> [Task prompt]: In the material below, print every line exactly and omit the pictures.

> [Material for this task]:
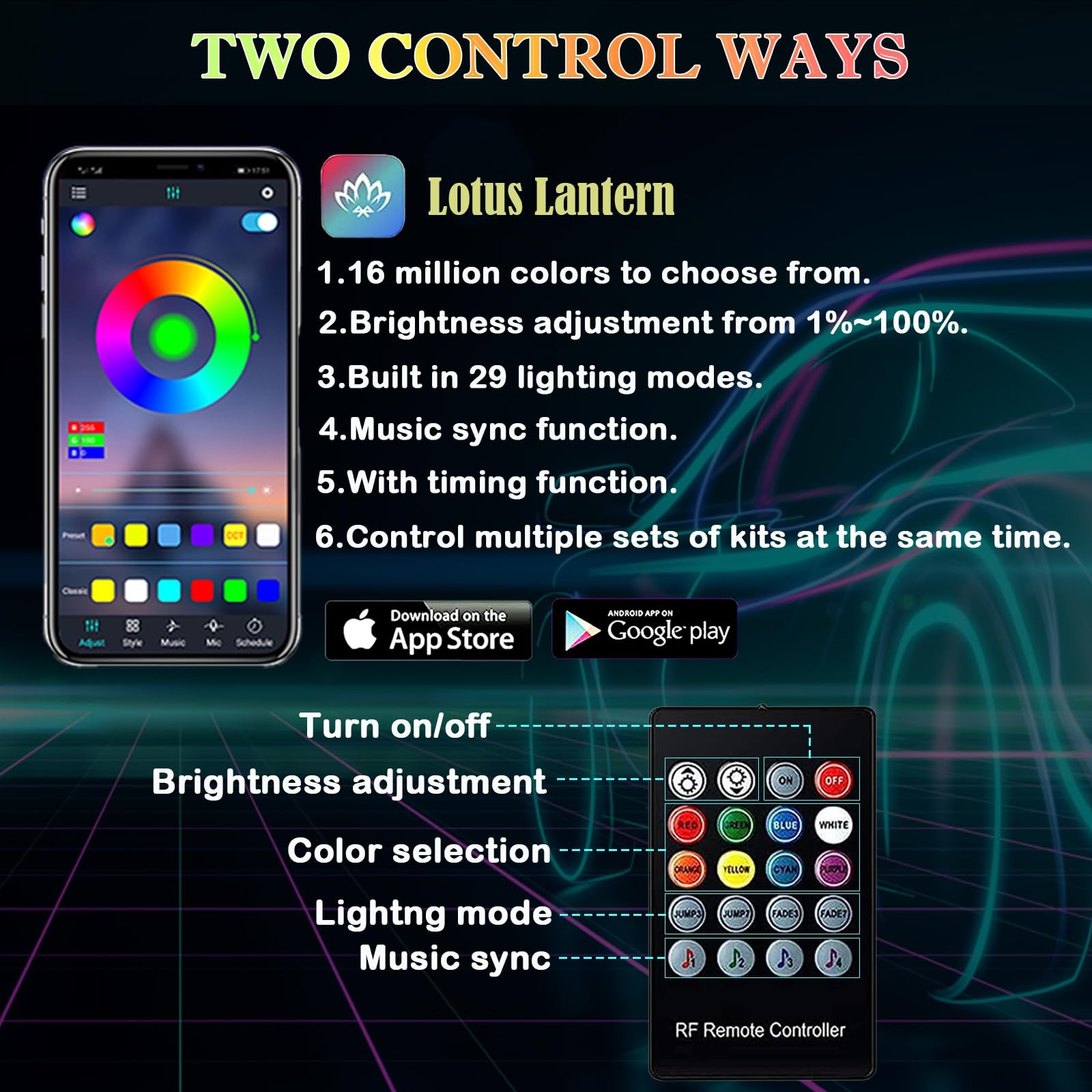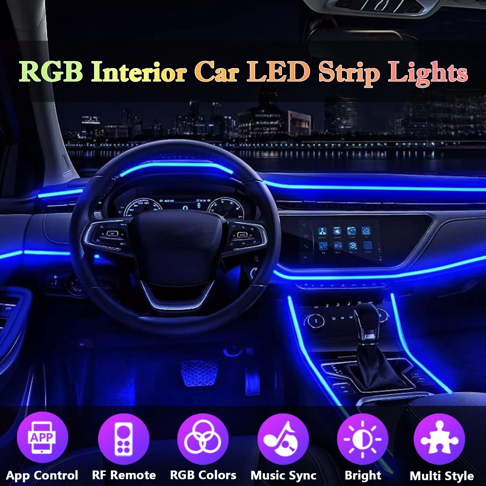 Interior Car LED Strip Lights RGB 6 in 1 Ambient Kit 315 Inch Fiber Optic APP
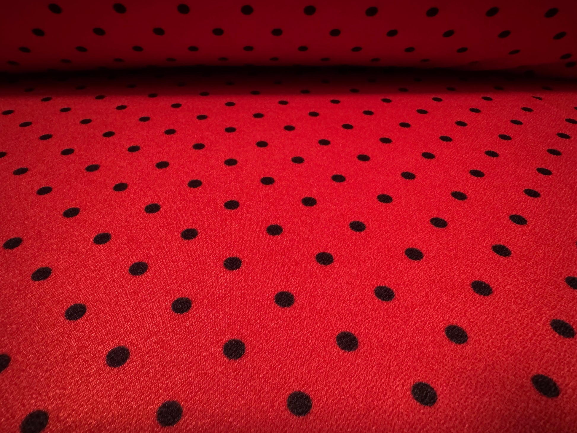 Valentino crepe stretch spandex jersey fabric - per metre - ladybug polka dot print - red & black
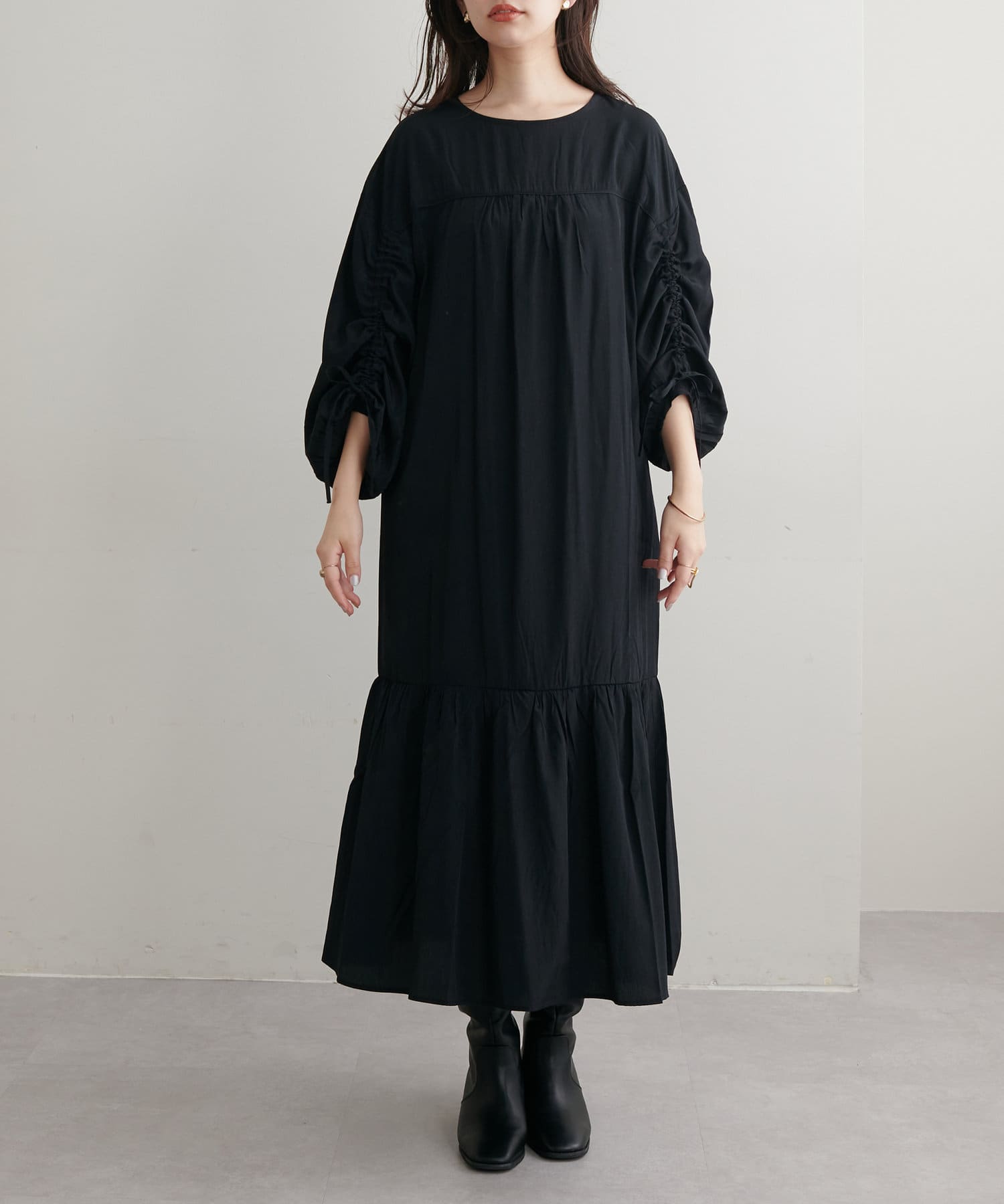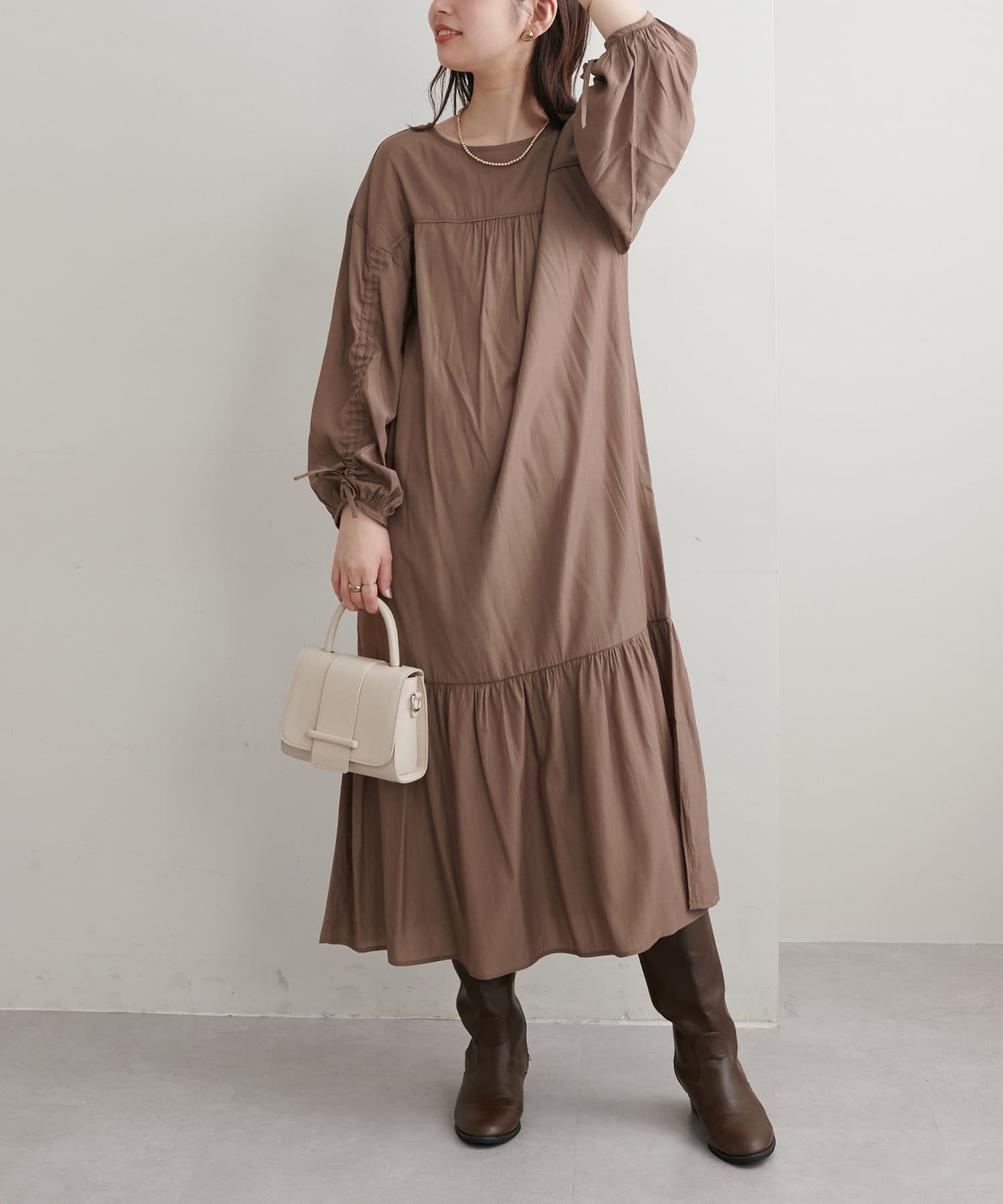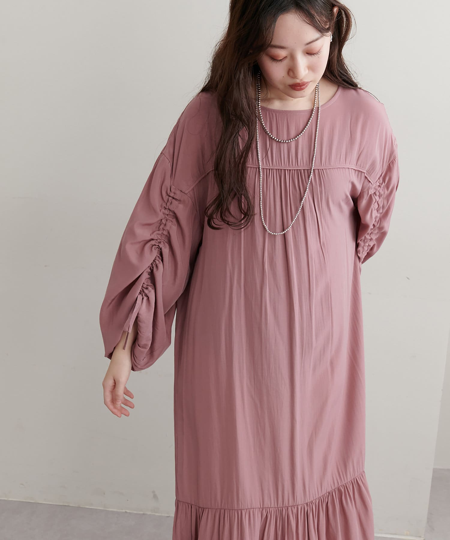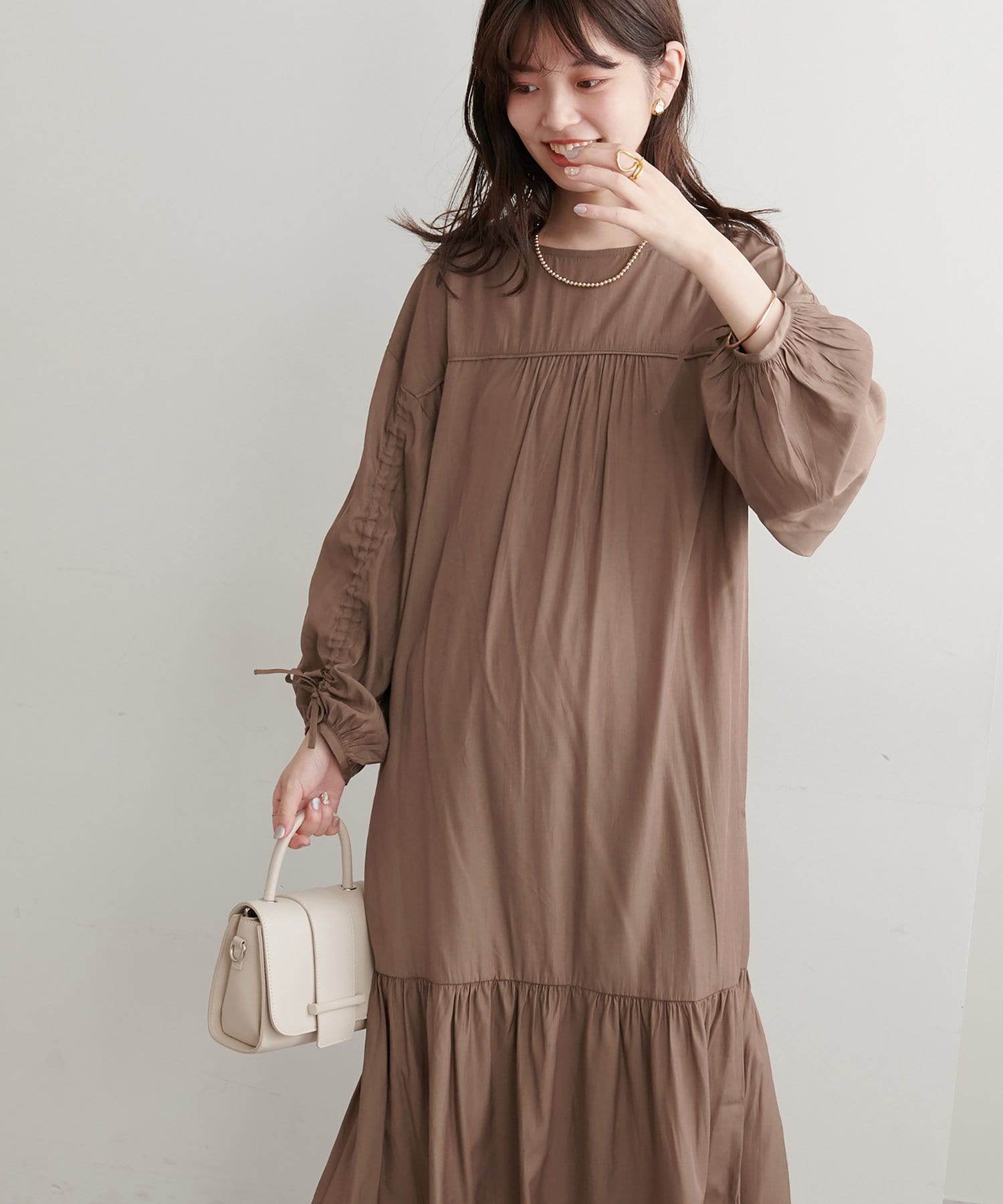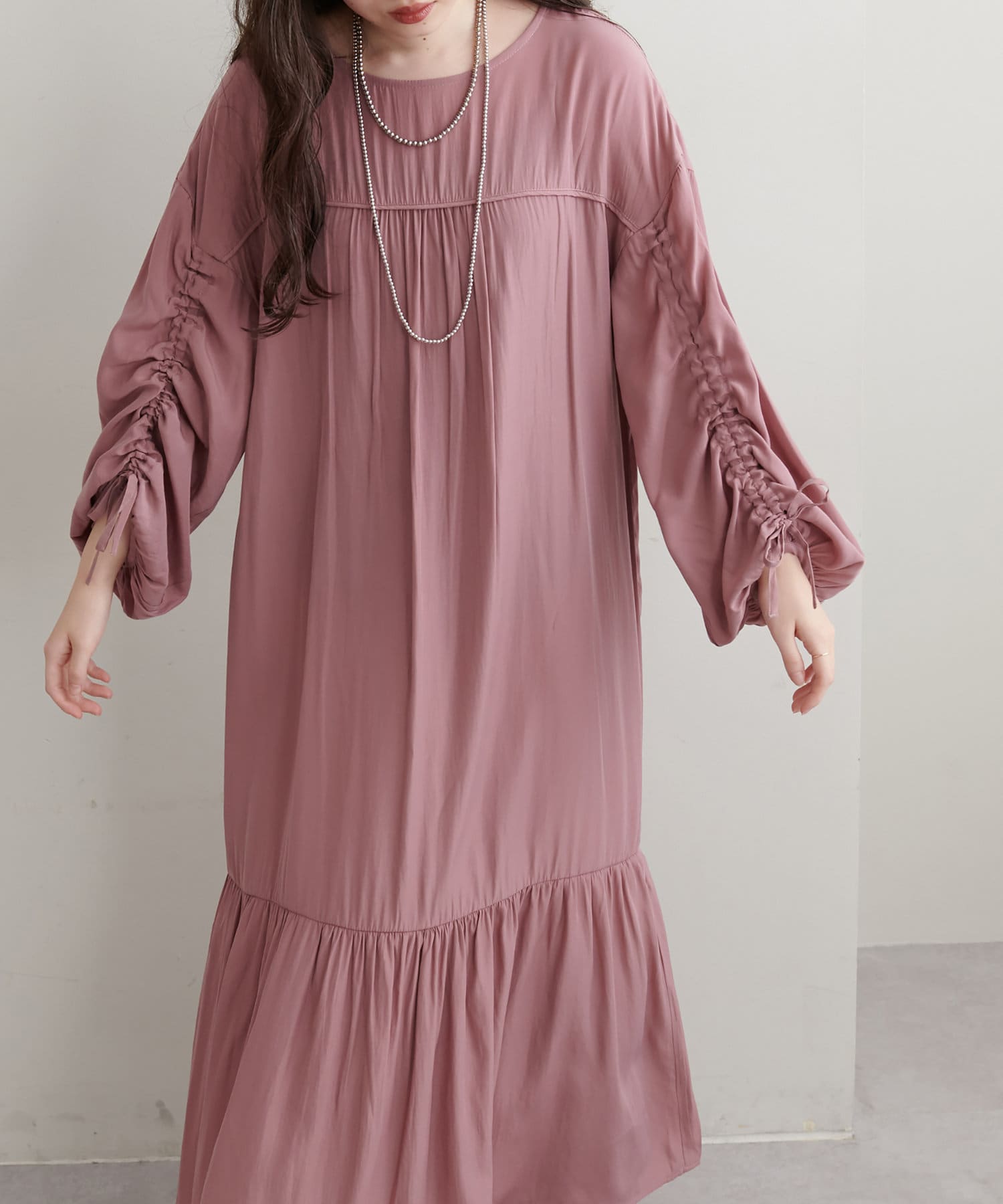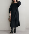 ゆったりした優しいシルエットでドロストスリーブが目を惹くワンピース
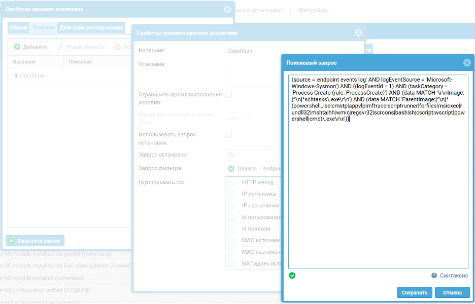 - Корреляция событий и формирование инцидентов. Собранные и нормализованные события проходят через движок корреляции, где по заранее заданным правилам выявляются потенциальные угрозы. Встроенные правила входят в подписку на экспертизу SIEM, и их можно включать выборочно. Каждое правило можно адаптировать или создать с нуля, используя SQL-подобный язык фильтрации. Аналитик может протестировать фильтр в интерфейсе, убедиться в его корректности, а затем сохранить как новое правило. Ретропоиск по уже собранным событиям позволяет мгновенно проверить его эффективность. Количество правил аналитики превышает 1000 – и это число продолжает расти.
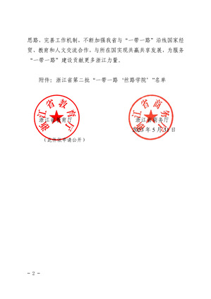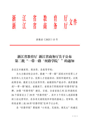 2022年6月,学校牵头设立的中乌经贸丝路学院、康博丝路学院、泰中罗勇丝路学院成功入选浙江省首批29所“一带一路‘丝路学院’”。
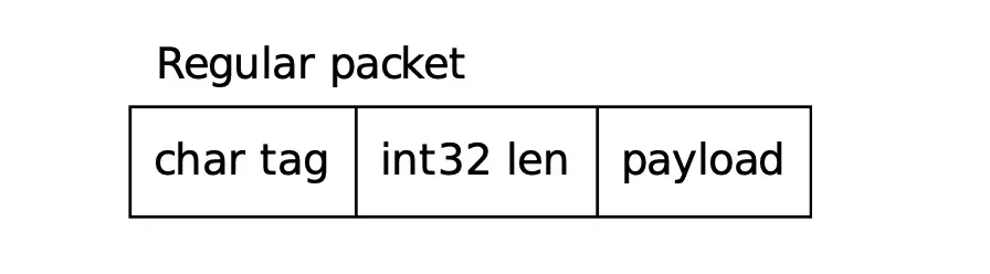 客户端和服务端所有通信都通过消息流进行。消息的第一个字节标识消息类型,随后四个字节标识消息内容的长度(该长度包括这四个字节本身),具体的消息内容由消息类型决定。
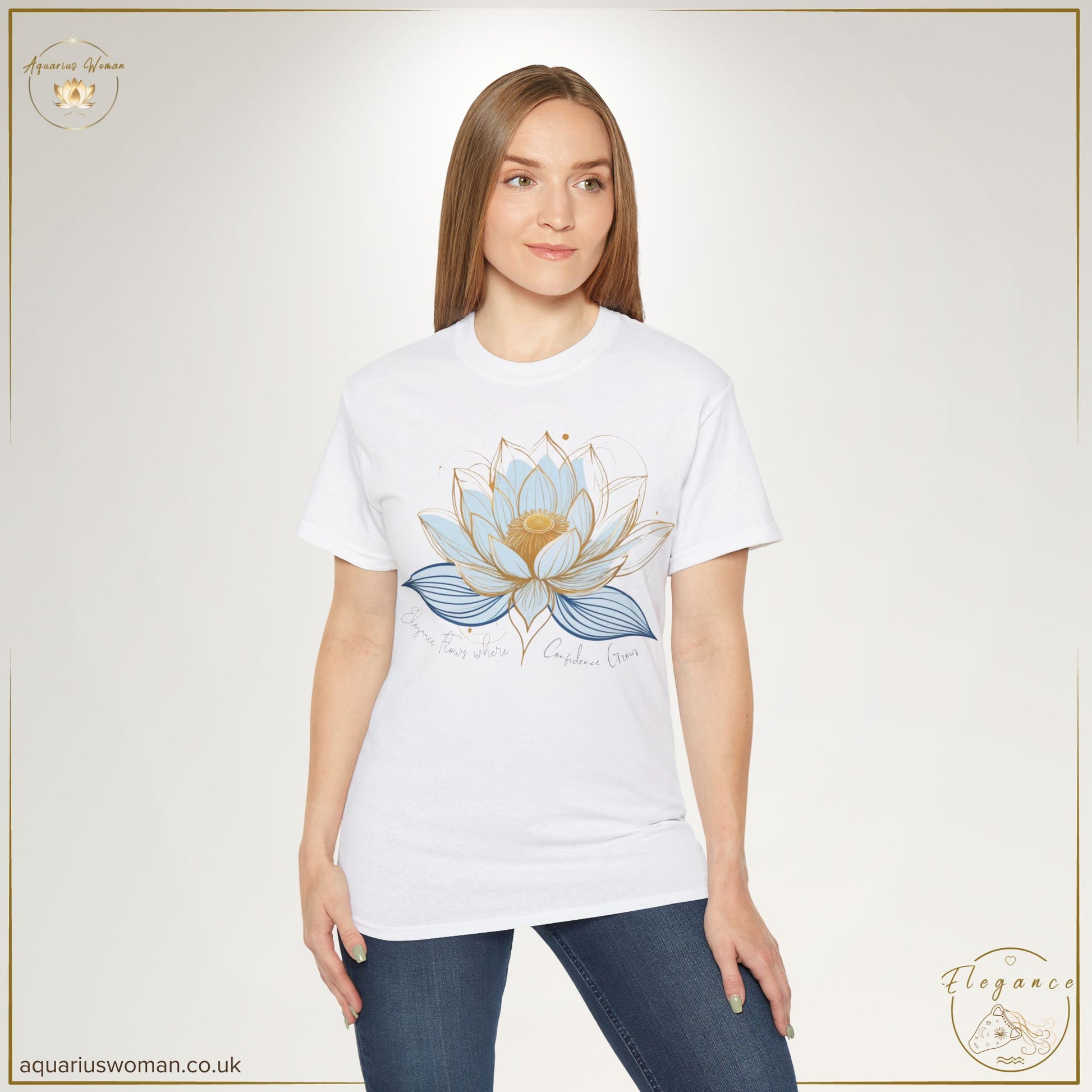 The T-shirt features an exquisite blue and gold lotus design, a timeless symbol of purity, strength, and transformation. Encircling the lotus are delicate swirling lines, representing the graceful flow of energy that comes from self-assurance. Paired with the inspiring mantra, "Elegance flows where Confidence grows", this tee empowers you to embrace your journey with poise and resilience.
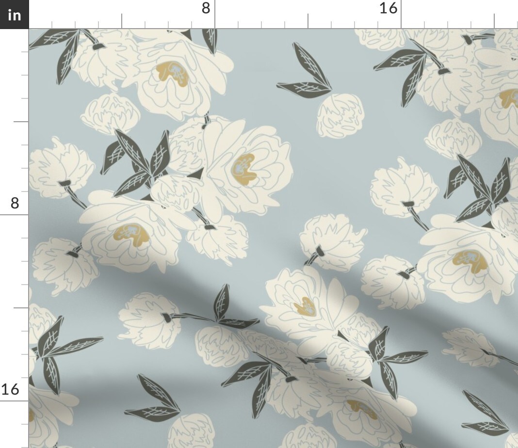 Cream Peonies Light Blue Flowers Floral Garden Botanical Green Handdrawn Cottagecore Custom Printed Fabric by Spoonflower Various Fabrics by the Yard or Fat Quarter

> [Exercise result]:
 Interior Car LED Strip Lights RGB 6 in 1 Ambient Kit 315 Inch Fiber Optic APP
 Valentino crepe stretch spandex jersey fabric - per metre - ladybug polka dot print - red & black
 ゆったりした優しいシルエットでドロストスリーブが目を惹くワンピース
 - Корреляция событий и формирование инцидентов. Собранные и нормализованные события проходят через движок корреляции, где по заранее заданным правилам выявляются потенциальные угрозы. Встроенные правила входят в подписку на экспертизу SIEM, и их можно включать выборочно. Каждое правило можно адаптировать или создать с нуля, используя SQL-подобный язык фильтрации. Аналитик может протестировать фильтр в интерфейсе, убедиться в его корректности, а затем сохранить как новое правило. Ретропоиск по уже собранным событиям позволяет мгновенно проверить его эффективность. Количество правил аналитики превышает 1000 – и это число продолжает расти.
 2022年6月,学校牵头设立的中乌经贸丝路学院、康博丝路学院、泰中罗勇丝路学院成功入选浙江省首批29所“一带一路‘丝路学院’”。
 客户端和服务端所有通信都通过消息流进行。消息的第一个字节标识消息类型,随后四个字节标识消息内容的长度(该长度包括这四个字节本身),具体的消息内容由消息类型决定。
 The T-shirt features an exquisite blue and gold lotus design, a timeless symbol of purity, strength, and transformation. Encircling the lotus are delicate swirling lines, representing the graceful flow of energy that comes from self-assurance. Paired with the inspiring mantra, "Elegance flows where Confidence grows", this tee empowers you to embrace your journey with poise and resilience.
 Cream Peonies Light Blue Flowers Floral Garden Botanical Green Handdrawn Cottagecore Custom Printed Fabric by Spoonflower Various Fabrics by the Yard or Fat Quarter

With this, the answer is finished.